Lead AI Cluster Models Architect
Advanced Micro Devices, Inc
About the Role
The role involves designing state-of-the-art model architectures, data, and parameter sets for large AI/ML training and inferencing systems optimized for hyperscale capabilities, while engaging with customers to align system and model architectures. Key duties also include pioneering system and container networking strategies and developing scalable communication network reference architectures for AMD AI/ML products.
Requirements
The ideal candidate must have in-depth knowledge and extensive real-world experience designing hyperscale computing clusters, coupled with strong analytical and problem-solving skills, and the ability to drive tasks independently. A Master’s or PhD degree in a related computational field is preferred, though equivalent experience is considered.
Full Job Description
WHAT YOU DO AT AMD CHANGES EVERYTHING
At AMD, our mission is to build great products that accelerate next-generation computing experiences—from AI and data centers, to PCs, gaming and embedded systems. Grounded in a culture of innovation and collaboration, we believe real progress comes from bold ideas, human ingenuity and a shared passion to create something extraordinary. When you join AMD, you’ll discover the real differentiator is our culture. We push the limits of innovation to solve the world’s most important challenges—striving for execution excellence, while being direct, humble, collaborative, and inclusive of diverse perspectives. Join us as we shape the future of AI and beyond. Together, we advance your career.
THE ROLE:
We are looking for a dynamic, energetic Lead AI Cluster Models Architect to join our growing team. As a key contributor to the success of AMD’s product, you will be part of a leading team to drive and improve AMD’s abilities to deliver the highest quality, industry-leading technologies to market. AMD's Systems Design Engineering team fosters and encourages continuous technical innovation to showcase successes as well as facilitate continuous career development.
THE PERSON:
The AI Cluster Models Architect plays a critical role in shaping the future of AI/ML training and inferencing systems as the AI Industry transitions into the Inference space (while still broadening within the AI Training market space).

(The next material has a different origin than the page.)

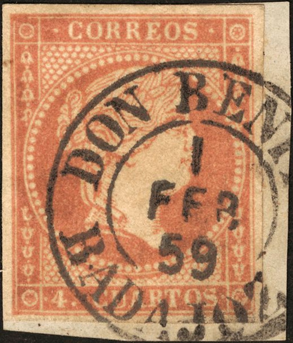 48. 1856. 4 red cuartos . Postmark DON BENITO / BADAJOZ (Type I). MAGNIFICENT.

This individual will collaborate with a broad range of internal and external partners, including System management, OS, NOS, Compute Libraries, and Software Tools teams, to integrate state-of-the-art technology solutions that pave the way for AMD AI adoption within both inferencing and training.
KEY RESPONSIBILITIES:
- Designing state of the art model architectures, data, and parameter sets, for large AI/ML training and inferencing systems which can be optimized for hyperscale capabilities
- Engage with AMD customer base while aligning system and model architectures
- Pioneering system and container networking strategies to facilitate seamless operation and scaling of AI clusters
- Developing scalable AI/ML training and inferencing communication network reference architectures for each generation of AMD AI/ML products
- Participate in design phase of each AMD AI/ML GPU generation by developing cluster computational architectures and requirements
- Collaborate across AMD internal and external partner teams to improve performance for AMD AI/ML clusters
PREFERRED EXPERIENCE:
- In-depth knowledge and experience with AI clusters and topologies
- Extensive real world experience designing hyperscale computing clusters
- Strong analytical/problem-solving skills and pronounced attention to details
- Must be a self-starter, and able to independently drive tasks to completion
ACADEMIC CREDENTIALS:
- Master’s or PhD degree preferred in Mathematics, Statistics, Electrical Engineering, Computer Engineering, or a related computational field; equivalent experience also considered.
Location: Could be Hybrid or remote
This role is not eligible for visa sponsorship.
#LI-TL1
Benefits offered are described: AMD benefits at a glance.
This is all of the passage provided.